- Born: Andrew Keith Plain 26 July 1953 Melbourne, Victoria, Australia
- Died: 13 December 2013 (aged 60) Sydney, New South Wales, Australia
- Occupations: Sound designer and editor

= Andrew Plain =

Australian sound designer and supervising sound editor

Andrew Keith Plain (26 July 1953 – 13 December 2013) was an Australian sound designer and supervising sound editor.
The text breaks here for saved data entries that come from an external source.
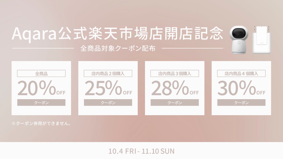lotスマートホームデバイスブランド「Aqara」楽天市場公式ストアオープン記念キャンペーンを開催!店内購入数に応じて、全商品最大30%OFFクーポンを配布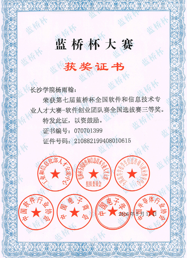 13级通信工程专业杨雨翰及其团队获奖证书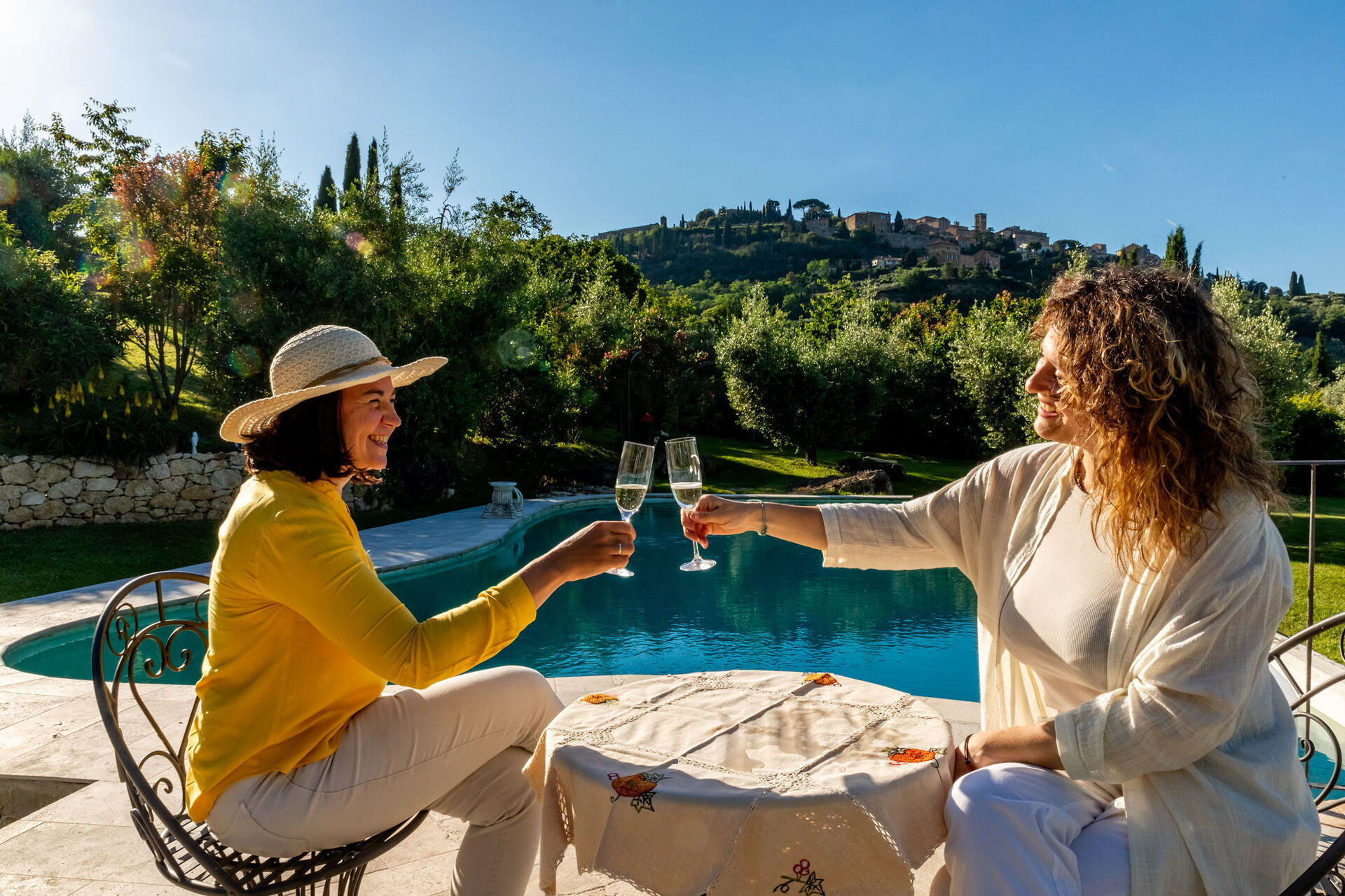 We had the most amazing time staying at Villa Ardene with 14 of our closest family members! The location was very important to us as it is a very short drive (or uphill walk) into the lovely town of Montepulciano. Bendetta hosted a wonderful Rehersal Dinner for 30+ people & it was the best food we had in Tuscany! The pool was amazing with a beautiful view of town. We would reccomend 100x over! THANK YOU!

Through his company, Huzzah Sound, he created the soundtracks for many Australian and international films and television series including Alex Proyas's Knowing; Phillip Noyce's Catch A Fire; Jane Campion's In the Cut; Gillian Armstrong's Death Defying Acts, Charlotte Gray and Oscar and Lucinda; Ray Lawrence's Lantana and Jindabyne; Neil Armfield's Candy; Peter Duncan's Unfinished Sky and Children of the Revolution, Sarah Watt's Look Both Ways, Richard James Allen's Thursday's Fictions; Rolf De Heer's Alexandra's Project, John Curran's Praise, and Dein Perry's Bootman.

Huzzah's work was awarded nine Australian Film Institute (AFI) nominations including three Awards for Best Sound, an Inside Film (IF), and for Best Sound Design. he also got a Golden Reel (Motion Pictures Sound Editors - America) nomination.

Plain died on 13 December 2013 from melanoma.